Personal information
- Nickname: Uncle Sam
- Born: 16 September 1977 (age 48) Novouralsk, Russian SFSR

Darts information
- Playing darts since: 2015
- Darts: 19g Harrows Assassin
- Laterality: Right-handed
- Walk-on music: "In the Heat of the Night" by Star Pilots

Organisation (see split in darts)
- PDC: 2020
- WDF: 2021–
- Current world ranking: (WDF) NR (16 March 2026)

PDC premier events – best performances
- World Championship: Last 96: 2021

Other tournament wins
| Russian Cup | 2020 |
| EADC Qualifier | 2020 |
| EADC Pro Tour | 2021 (x4) |

= Dmitriy Gorbunov =

Russian darts player

Dmitriy (Note: Alternatively spelled Dmitrii) Alexandrovich Gorbunov (Дмитрий Александрович Горбунов; born 16 September 1977) is a Russian professional darts player who played in Professional Darts Corporation tournaments.

==Darts career==
===In Russia===
In March 2015, Gorbunov got the first experience in his career. He decided to take part in the Novouralsk Darts Cup (local amateur tournament), where four people played, and took third place. At the beginning of 2016, Dmitry won the Ural Darts League, a prestigious local russian tournament.

===PDC===
He entered the 2020 PDC Q-School, but only won two matches in four events, and got into the last 256. He then entered the Eurotour qualification and reached the semifinals.

Gorbunov qualified for the 2021 PDC World Darts Championship after winning the EuroAsian Darts Corporation Qualifier tournament, defeating Roman Obukhov 3-1 in sets in the final.
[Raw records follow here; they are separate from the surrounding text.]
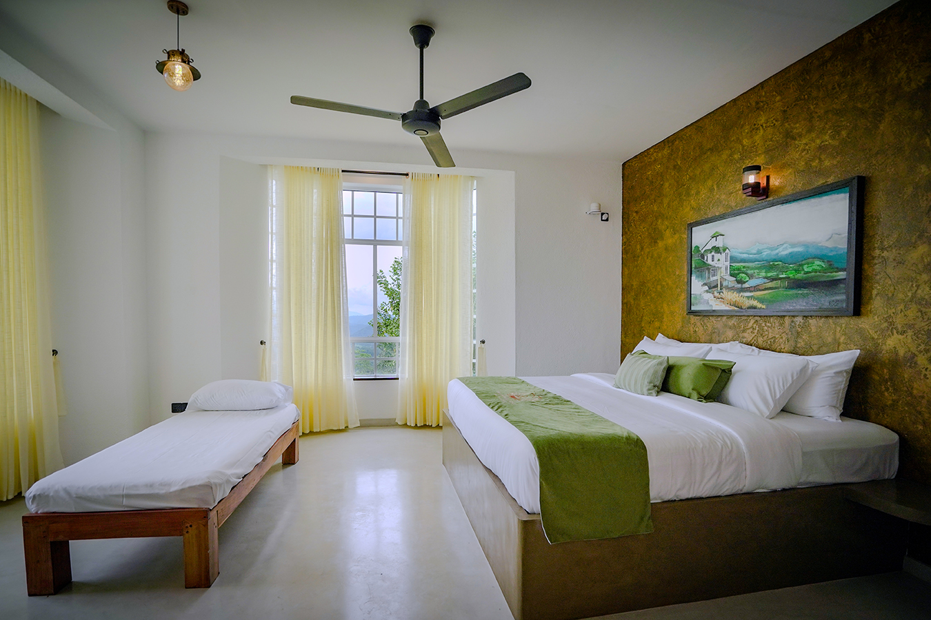 Tailored for couples or small families, Hiru-Basme blends colonial charm with modern comforts in a space designed for rest and reflection. Guests often end their day here wrapped in soft twilight, sipping Ceylon tea as the sun dips behind the mountains. Suite Hiru-Basme is where warmth, comfort, and breathtaking views come together for an unforgettable hilltop escape.
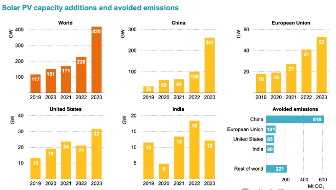 根據IEA的數據,2023年全球光伏裝機容量達到420GW,其中261GW新增裝機容量部署在中國,其次是歐盟(53GW)、美國(32GW)和印度(12GW)。
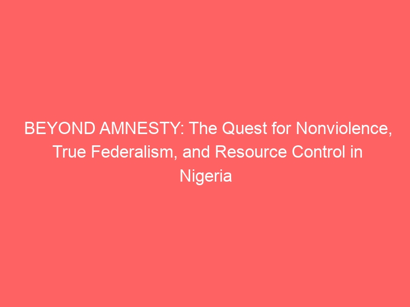 BEYOND AMNESTY: The Quest for Nonviolence, True Federalism, and Resource Control in Nigeria
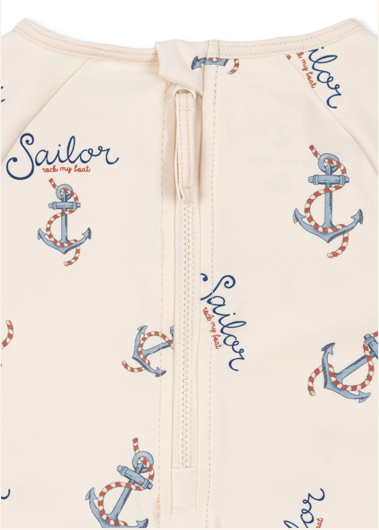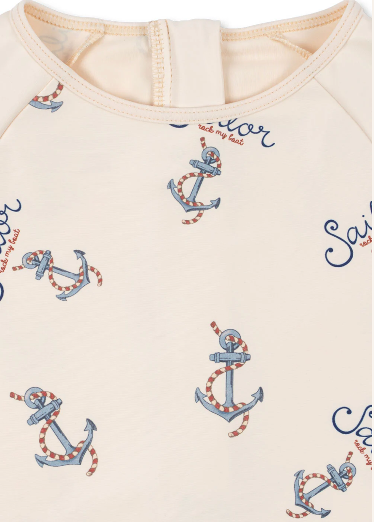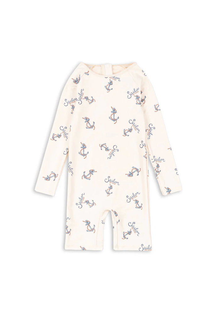 Swim onesie designed with long sleeves and frill details. The swim onesie offers protection against the sun’s UV rays with the highest ultraviolet protection factor, UPF 50+
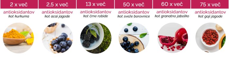 Spodaj prikazujemo količino antioksidantov v primerjavi z ostalimi sadeži:
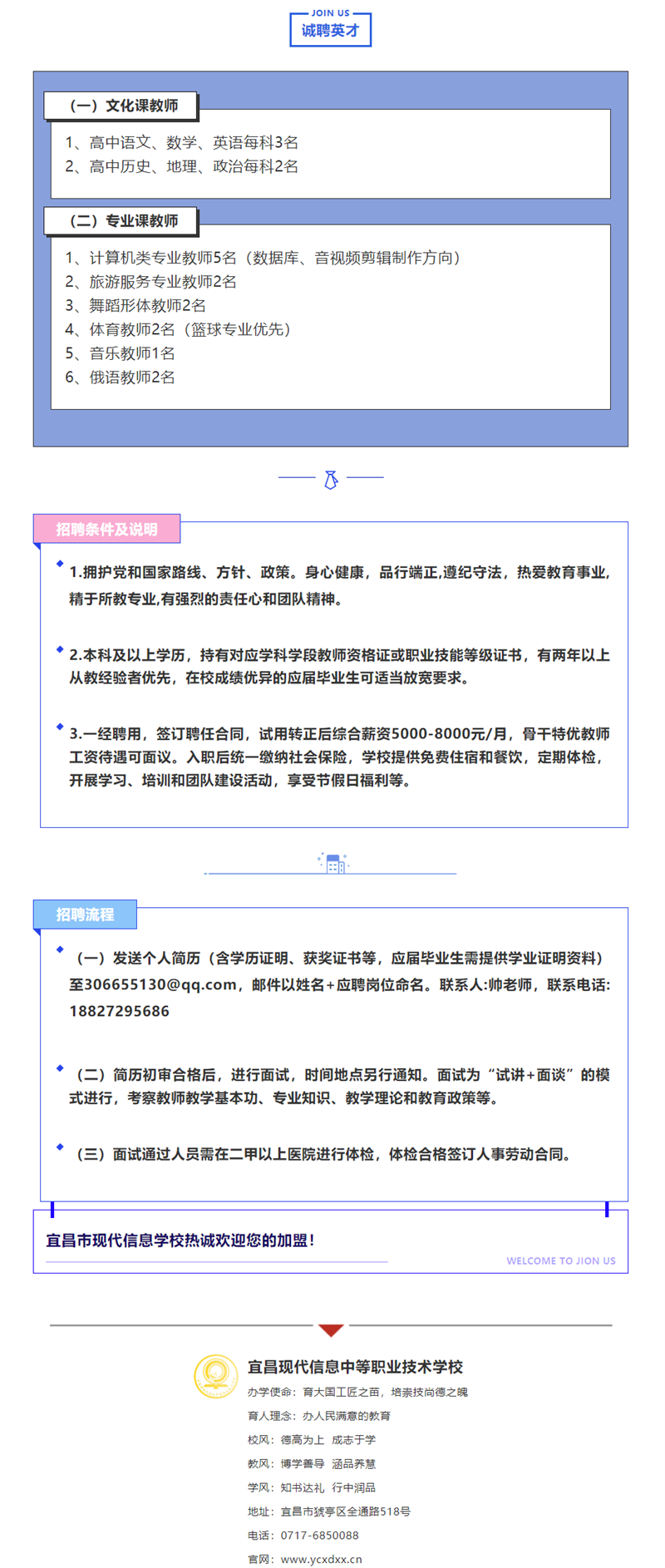 职业教育前景广阔、大有可为。学校21年10月即将交付的新校区距离火车东站两公里,区位优势明显,信息化程度高,将为全校师生提供更为优质的生活、工作、学习的硬件环境。为推动学校内涵发展,加强专业建设,进一步优化学校师资队伍,促进学校教育教学工作更高水平发展,现面向社会诚聘教师。
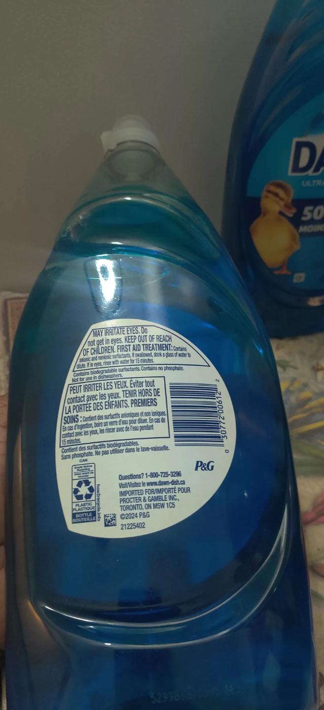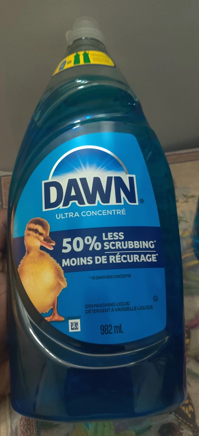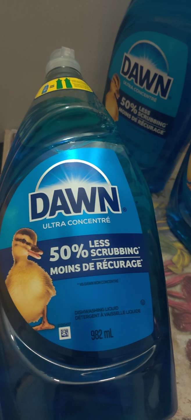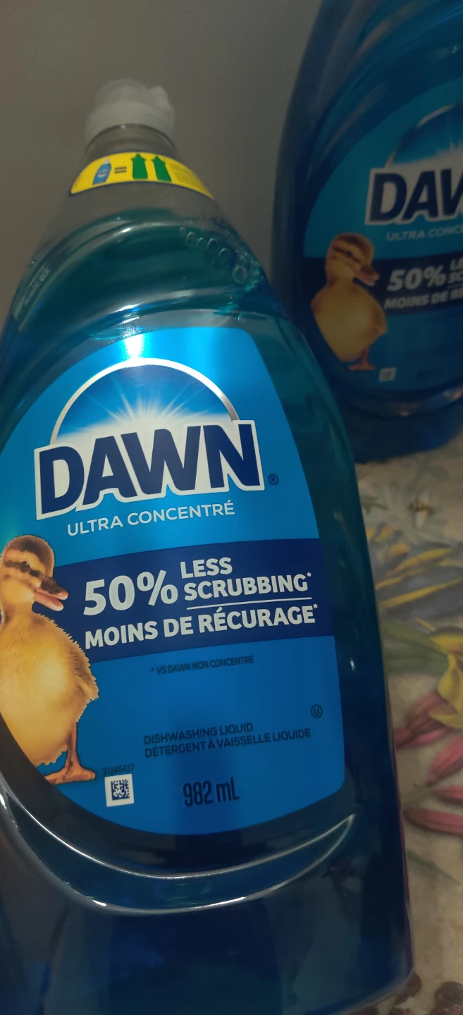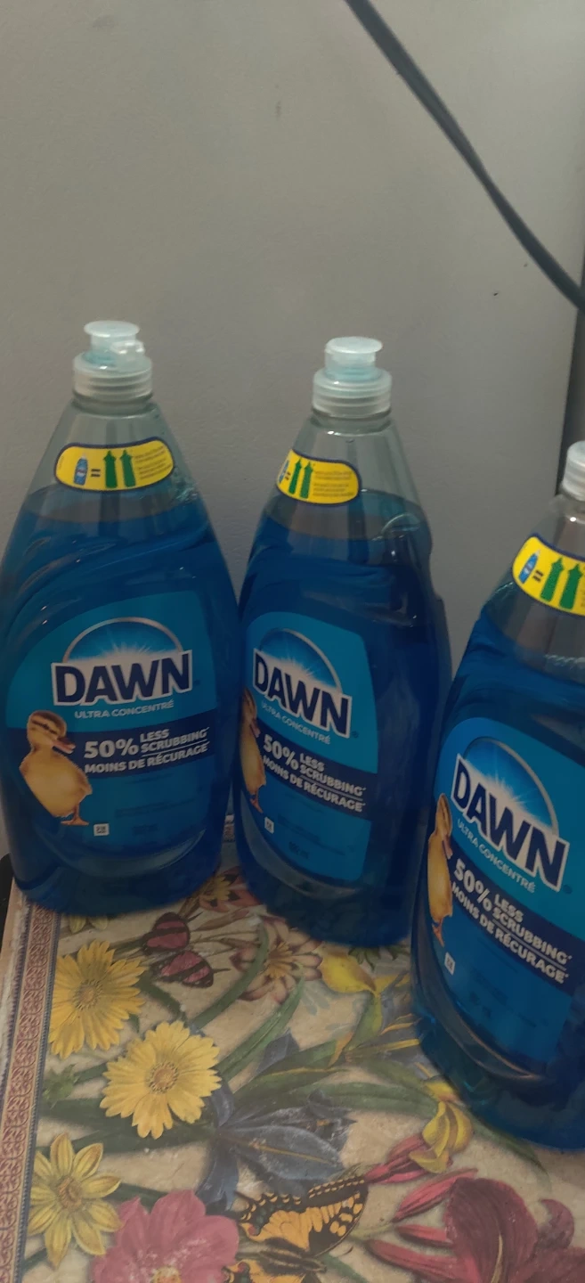 Selling 3 bottles of Dawn Ultra Concentre dishwashing liquid. Each bottle contains 982 mL of detergent, and it promises 50% less scrubbing!
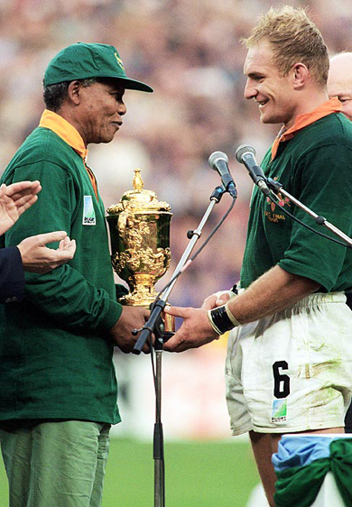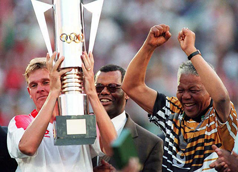 | លោក Mandela ប្រគល់គុបពានសំរាប់ប្រធានក្រុមកីឡារករបាល់អោប របស់អាហ្វ្រិកខាងត្បូង លោក William Webb ក្នុងឱកាសក្រុមកីឡារបាល់អោប នៃប្រទេសនេះបានឈ្នេះ ក្រុមកីឡារករ បាល់អោប ក្នុងវគ្គផ្តាច់ព្រ័ត្រ បាល់អោប ពិភពលោកឆ្នាំ ១៩៩៤។ (រូបថត៖ Getty) |
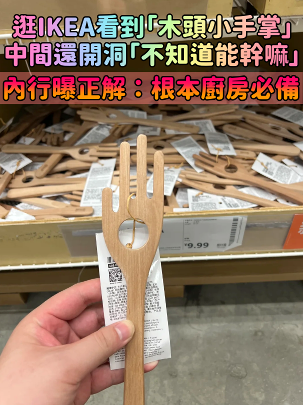 新版愛的小手?他逛IKEA看到「神秘木頭小手掌」中間還開了洞 內行人曝功能:設計師超強 Sabrina 2024-10-29 檢舉 至於手掌中心的洞也不只是裝飾而已哦!有網友指出這個洞是用來測量要煮多少義大利麵的,「麵條豎著放到中間洞裡,放滿正好是兩個人的量」,真的是超實用又方便的設計呀~(圖片來源:IKEA)又學到了一課!!來源:小紅書@獅子氣昂昂 Advertisements 回首頁 2/2 Advertisements 猜你會喜歡 飯店浴室小木凳「在角落多一根」用途是什麼 神網友解答「根本一舉兩得」:超聰明的設計 女友桌上發現「超迷你小衣架」好奇問用途 她一轉頭「路人都呆了」:根本設計天才 編輯精選推薦 More + 在垃圾堆被挖掘!19歲女孩「撿資源回收」意外爆紅 打扮過後「化身181cm國際超模」驚呆所有人 新一是濃眉大帥哥❤️神人「把名偵探柯南角色」全部變真人 小蘭「天使般夢幻藍眼」難怪柯南會愛她 臨時找不到保母!女學生硬著頭皮「帶寶寶去大學上課」 教授霸氣伸手「寶寶我來抱吧」畫面超溫馨 警惕!手機裡最好不要存「4種照片」 小心惹上大麻煩:如果有記得馬上刪掉 不痛不癢!45歲女子「私密處長黃豆大腫塊」 竟是外陰癌「好發於停經婦女」 14歲少女「肚子痛1個月」!醫師開刀「取出長達210公分毛球」:這習慣害的 垃圾變絕美收藏品❤️她把「小小瓶蓋當畫布」繪出風景畫 一出手「黑色蓋子→星空下神社」絕美無比 身高不到1米6!穿裙盡量不要選「這3個長度」 買錯了:既顯矮又顯胖 秋天不要再穿運動鞋!最適合「穿這3款鞋子」優雅氣質又美麗 2026連假出爐!不用補班「請4天連休16天」老闆快哭 網氣罵:「乾脆收一收」 肝癌指數飆破4千!83歲阿嬤「肝癌沒人顧」不肯開刀 天天吃一食物「7個月後腫瘤消失」醫生也看傻 爸媽的PK戰!把拔馬麻「每天比賽幫女兒搭衣服」 一套套甜美穿搭「展現爸爸時尚品味」顛覆想像❤️ 糖尿病友注意!醫警告:不想血糖失控「少碰這5種水果」 他35歲不上班、不結婚!「花16萬改造洞穴」隱居至今 「一踏進去」網友全大開眼界 表兄妹一吻定情!家庭群組發「火辣床吻照」公告戀情 狂言生子「逆轉結局曝光」 很多人都丟錯!衛生紙「包裝袋」不是一般垃圾 環保局「公布正確丟法」:小心收6000元罰單 快訊/5億高中生案定讞!18歲男「同婚後2小時死亡」震驚全台 最新判決出爐「假配偶慘了」 住飯店必看!空姐一進門「秒把水瓶滾到床底下」 詳細一問「竟為了安全自保」浴帽、衣架也有用 家住別墅很氣派!公公戴名錶「婆婆穿18萬的衣服」 進屋後驚見「極品畫面」我奪門而逃 俗語:「入戶見6物,家敗人難富」!不是迷信「會影響宅運和財運」看看你家有嗎? 當紅之際罹癌!台語女歌手「1年後香消玉殞」享年36歲 突因一事「顯靈現身」:驚悚過程曝光 陳喬恩的好友!知名男星「38歲冥誕」父母痛哭:沒當夠你爸媽 苦守9年墓園成粉紅花海 在屋頂上奔跑!磚瓦屋頂上「心型玻璃棧道」與天空相接 高低錯落設計「彷彿飛簷走壁」空拍角度美翻 賦予木頭新生命!藝術家DIY「超逼真動物木雕」驚艷爆紅 巧手臨摹「活靈活現貓頭鷹」兔兔可愛到不行❤️ 比IKEA買的還好用!平凡紙箱「0元化身質感置物櫃」 達人手工打造「貓貓用城堡天堂」同樣精緻到爆
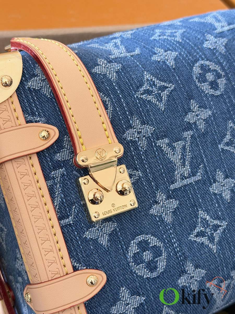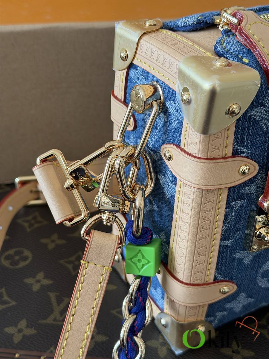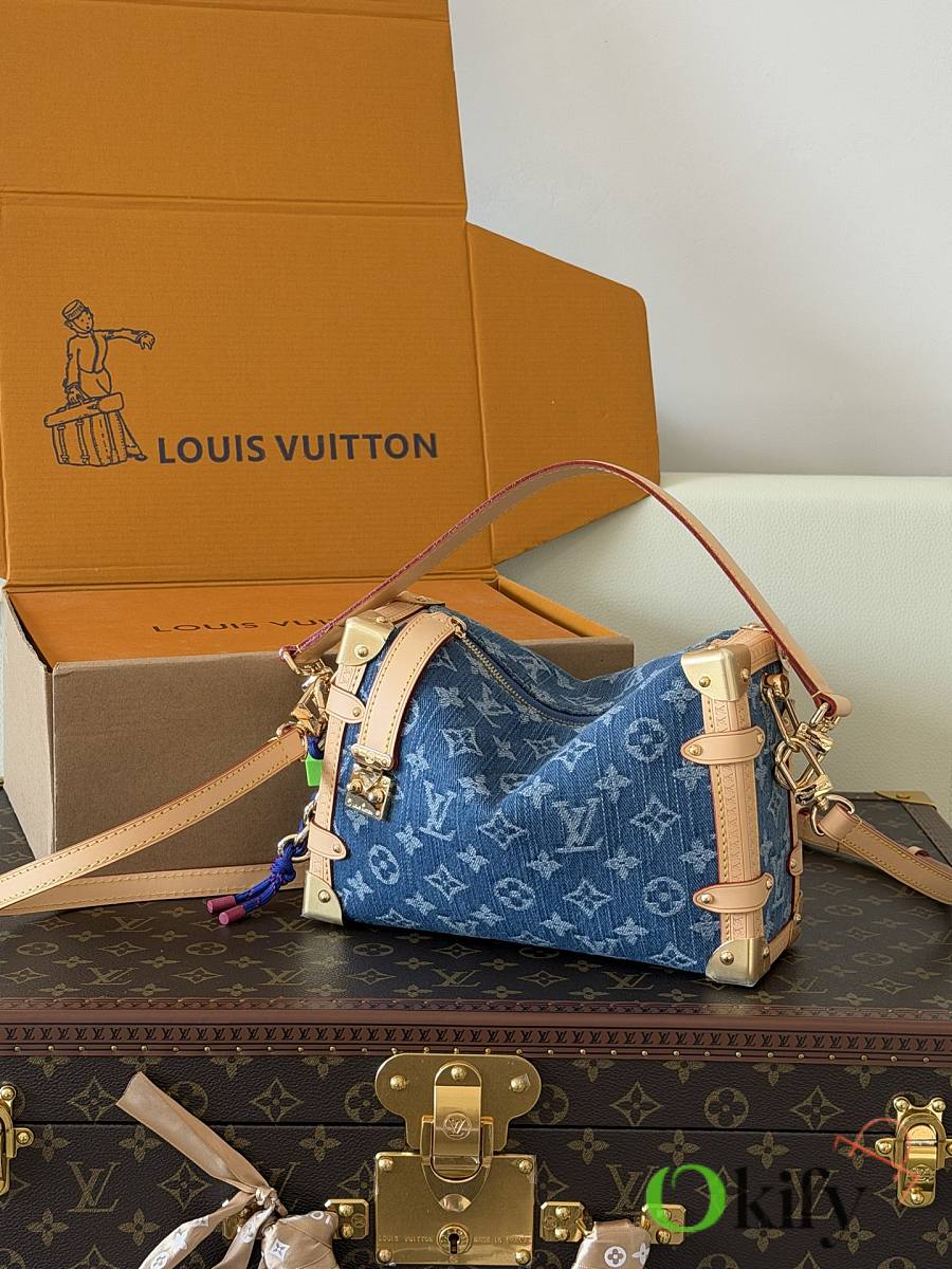 Nicolas Ghesquière revisits Louis Vuitton's trunk-making heritage to create this small Side Trunk handbag. The Monogram denim leather zipper pull creatively connects to the iconic S-lock clasp, drawing attention along with reinforced metal corners. Both the wide handle and thin leather shoulder strap are detachable.
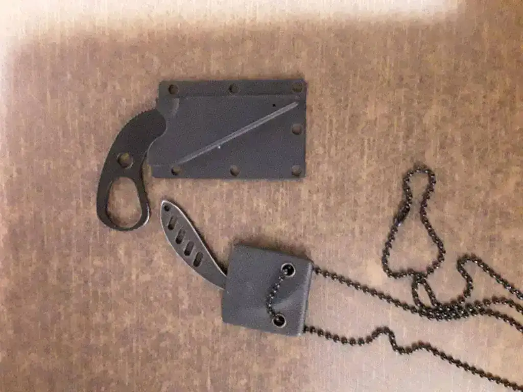 Bueno, mas que colaboración (de mi hijo), los hemos hecho mano a mano, partiendo de dos trozos de acero oxidado que tenia en el garaje, cortarlos, perfilarlos, templarlos, pulirlos y afilarlos. Las empuñaduras una la hemos hecho con cuerda de paracaídas y la otra con un trozo de cerezo. Y los mismo con la fundas a partir de un recorte me regalo un amigo guarnicionero.
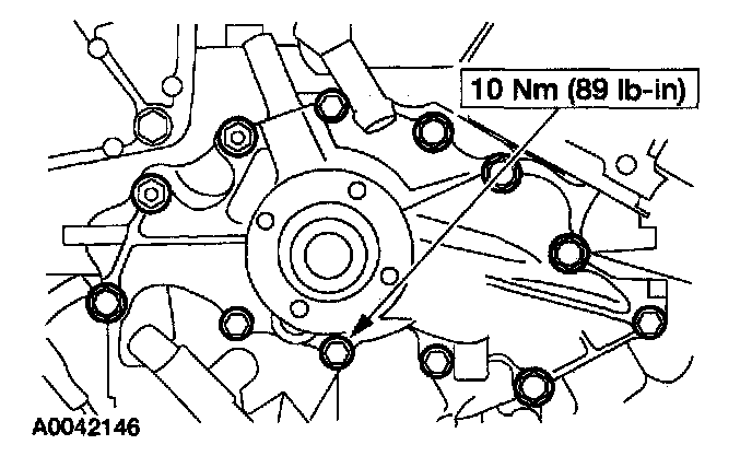 Install the six bolts. Tighten the bolts is a criss-cross pattern.
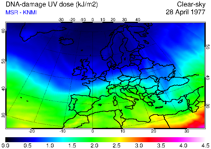 DNA-damage UV dose of 28 April 1977
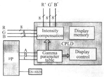為了補償LED 因溫度引起的亮度變化,LED 顯示係統增加了亮度檢測電路。實驗發現,以20 ℃溫度間隔對色彩進行溫度補償時,能基本上滿足圖像的觀看質量。為此,係統以常溫為基礎,每隔20 ℃給出相應基色的Gamma 校正參數。對於- 20 ℃~ + 80 ℃範圍,每個基色給出供5 種不同的Gamma 參數以補償亮度的變化。圖6 給出係統的溫度檢測電路和相應的控製Gamma 參數的電路框圖。利用溫度傳感器DS18B20檢測環境溫度的變化,當環境溫度到達設定溫度值時,通過微處理器的ARC 3 個I/ O 線輸出5 個溫度狀態中的某一狀態值給CPLD。在CPLD 內部設有RGB 三基色(3 ×4 + 1 = 13)13 個(常溫時采用一個標準的Gamma 參數校正,在其他溫度下,每個基色一個校正參數) Gamma 值的參數表,從表查出分別對應RGB 的3 個Gamma 值提供給亮度控製電路和顯示控製電路。

In 2021, he won the first two events on the EADC Tour, defeating Evgeniy Izotov in both finals 6–3 and 6–5 respectively. He won two further events on the EADC Tour, defeating Vitaliy Khohryakov 6-3 and Evgeniy Izotov 6-3. Gorbunov topped the rankings on EADC Tour and will partner Tour Card Holder Boris Koltsov in the 2021 PDC World Cup of Darts to represent Russia.